__EXERCISE DATA__:
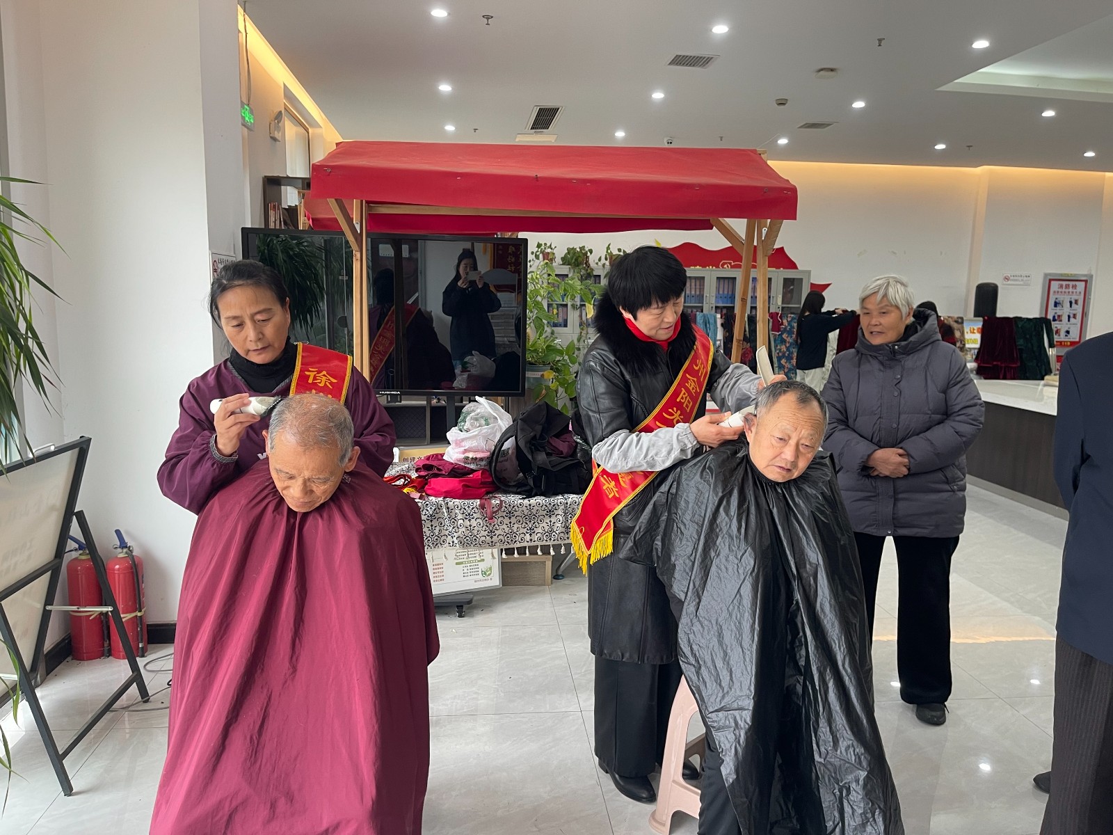 表演结束后,各项服务有序开展。金阳光志愿服务队的理发师耐心修剪发型,马先生摄影用镜头定格老人幸福笑容,鼎植口腔医生细致测量血压、解答健康疑问。同时,邮储银行工作人员通过案例讲解、发放手册,普及电信诈骗、养老诈骗防范知识,守护老人“钱袋子”。活动最后,工作人员为参与活动的老年人有序分发伴手礼。
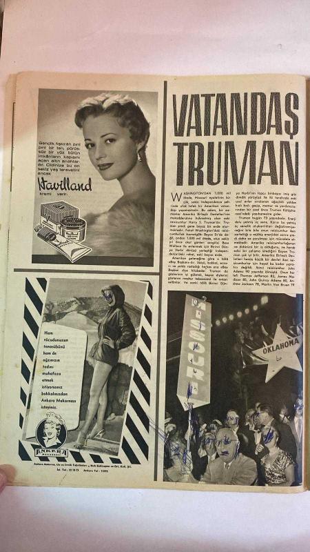 HAYAT HAFTALIK HABER MECMUA, DERGİSİ - ORTA SAYFA POSTER : ÇIPLAK IBRAHIM CALLI Icalle Orijinal abadi 146x995 santimetra Tablo, resim ve Haykel Müzesindedir. - SIRA NO: 68 TARİH: 24 OCAK 1958 SAYI: 68 İBRAHİM ÇALLI - KONRAD ADENAUER - SUSAN HAYWARD - JAYNE MANSFIELD - AVA GARDNER - ŞEVKET RADO - HARRY S. TRUMAN - BESS TRUMAN - MARGARET TRUMAN - CLIFTON DANIEL - GEORGE WALLACE - FRANK WALLACE - ETHEL NOLAND - NELLIE NOLAND İBRAHİM ÇALLI’NIN ORİJİNAL RENKLİ “ÇIPLAK” TABLOSU - KONRAD ADENAUER’İN 82. YAŞ KUTLAMASI VE BONN’DAKİ RESMİ KABUL - HOLLYWOOD YILDIZLARININ FİZİKSEL ÖLÇÜLERİ: SUSAN HAYWARD, JAYNE MANSFIELD, AVA GARDNER - ÇOCUKLAR VE PENGUENLER ÜZERİNDEN GÖRSEL BENZERLİKLER - ŞEVKET RADO’DAN “AYDINLATMAK VAZİFESİ” ÜZERİNE SOHBET YAZISI: MÜNEVVERLERİN TOPLUMSAL SORUMLULUĞU - HARRY S. TRUMAN’IN SİYASET SONRASI YAŞAMI, TRUMAN KÜTÜPHANESİ VE INDEPENDENCE’DA GÜNLÜK HAYATI - TRUMAN’IN AİLE İLİŞKİLERİ, KOMŞULARI VE SPOR ALIŞKANLIKLARI - BEYAZ EV’DEN SONRAKİ - EKSİKSİZ TAM TAKIM 48 SAYFA adlı eser, Kitap > Süreli Yayınlar > Dergiler > Magazin, Moda kategorisinde İkinci El olarak satıştadır.
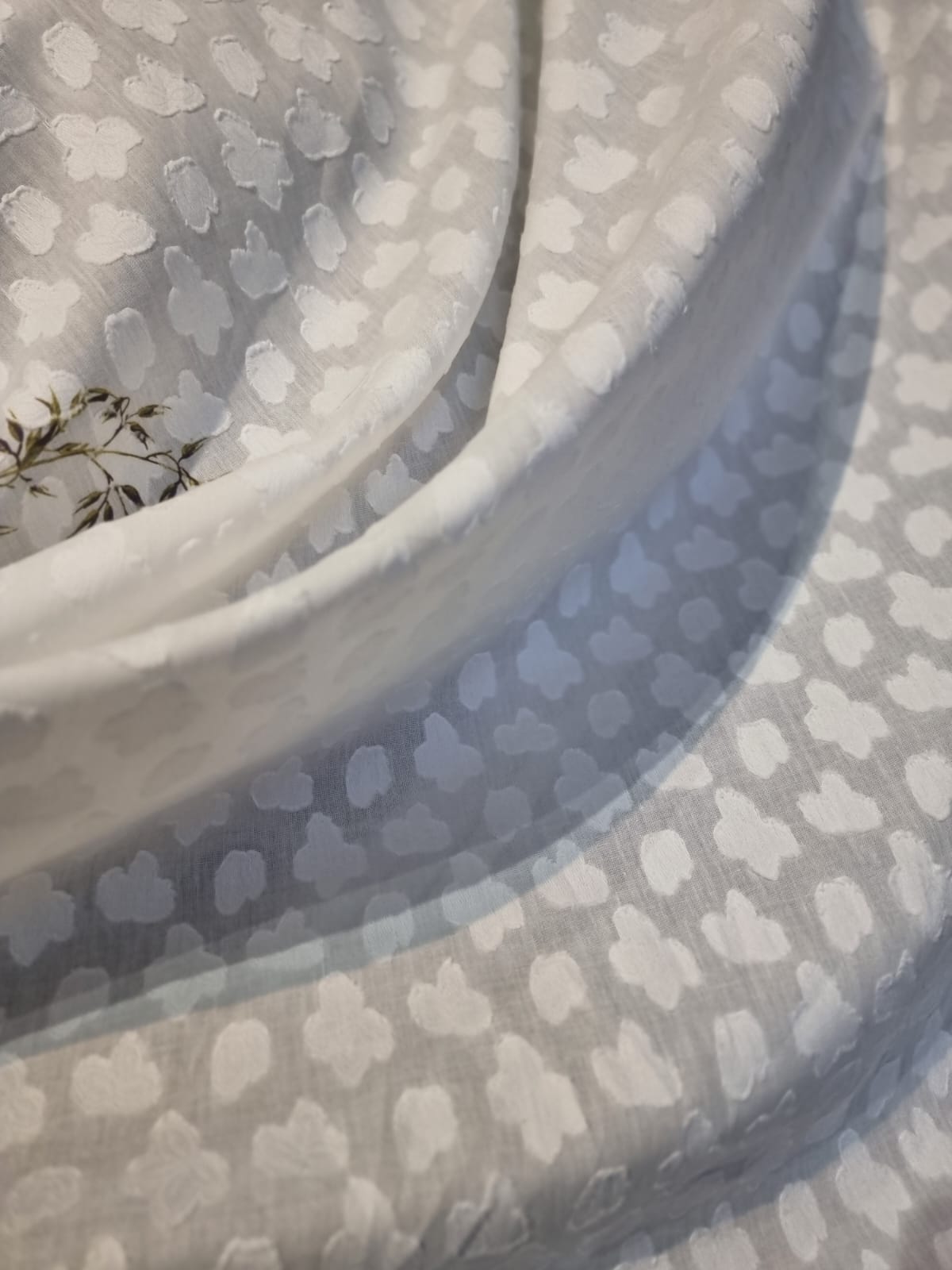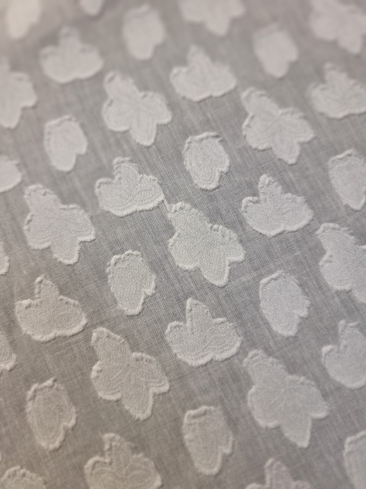 Țesătura fil coupé este un material elegant, cu modele create prin tăierea firelor suplimentare de bătătură sau urzeală, lăsând mici franjuri, textură speifica decorativa pe suprafață. Oferă un efect sofisticat, aproape brodat, fiind folosită frecvent în moda de lux pentru rochii, bluze și eșarfe cu textură rafinată.

__WHAT NEEDS TO BE DONE__:
Copy the data word for word and omit every picture.

__YOUR SOLUTION__:
 表演结束后,各项服务有序开展。金阳光志愿服务队的理发师耐心修剪发型,马先生摄影用镜头定格老人幸福笑容,鼎植口腔医生细致测量血压、解答健康疑问。同时,邮储银行工作人员通过案例讲解、发放手册,普及电信诈骗、养老诈骗防范知识,守护老人“钱袋子”。活动最后,工作人员为参与活动的老年人有序分发伴手礼。
 HAYAT HAFTALIK HABER MECMUA, DERGİSİ - ORTA SAYFA POSTER : ÇIPLAK IBRAHIM CALLI Icalle Orijinal abadi 146x995 santimetra Tablo, resim ve Haykel Müzesindedir. - SIRA NO: 68 TARİH: 24 OCAK 1958 SAYI: 68 İBRAHİM ÇALLI - KONRAD ADENAUER - SUSAN HAYWARD - JAYNE MANSFIELD - AVA GARDNER - ŞEVKET RADO - HARRY S. TRUMAN - BESS TRUMAN - MARGARET TRUMAN - CLIFTON DANIEL - GEORGE WALLACE - FRANK WALLACE - ETHEL NOLAND - NELLIE NOLAND İBRAHİM ÇALLI’NIN ORİJİNAL RENKLİ “ÇIPLAK” TABLOSU - KONRAD ADENAUER’İN 82. YAŞ KUTLAMASI VE BONN’DAKİ RESMİ KABUL - HOLLYWOOD YILDIZLARININ FİZİKSEL ÖLÇÜLERİ: SUSAN HAYWARD, JAYNE MANSFIELD, AVA GARDNER - ÇOCUKLAR VE PENGUENLER ÜZERİNDEN GÖRSEL BENZERLİKLER - ŞEVKET RADO’DAN “AYDINLATMAK VAZİFESİ” ÜZERİNE SOHBET YAZISI: MÜNEVVERLERİN TOPLUMSAL SORUMLULUĞU - HARRY S. TRUMAN’IN SİYASET SONRASI YAŞAMI, TRUMAN KÜTÜPHANESİ VE INDEPENDENCE’DA GÜNLÜK HAYATI - TRUMAN’IN AİLE İLİŞKİLERİ, KOMŞULARI VE SPOR ALIŞKANLIKLARI - BEYAZ EV’DEN SONRAKİ - EKSİKSİZ TAM TAKIM 48 SAYFA adlı eser, Kitap > Süreli Yayınlar > Dergiler > Magazin, Moda kategorisinde İkinci El olarak satıştadır.
 Țesătura fil coupé este un material elegant, cu modele create prin tăierea firelor suplimentare de bătătură sau urzeală, lăsând mici franjuri, textură speifica decorativa pe suprafață. Oferă un efect sofisticat, aproape brodat, fiind folosită frecvent în moda de lux pentru rochii, bluze și eșarfe cu textură rafinată.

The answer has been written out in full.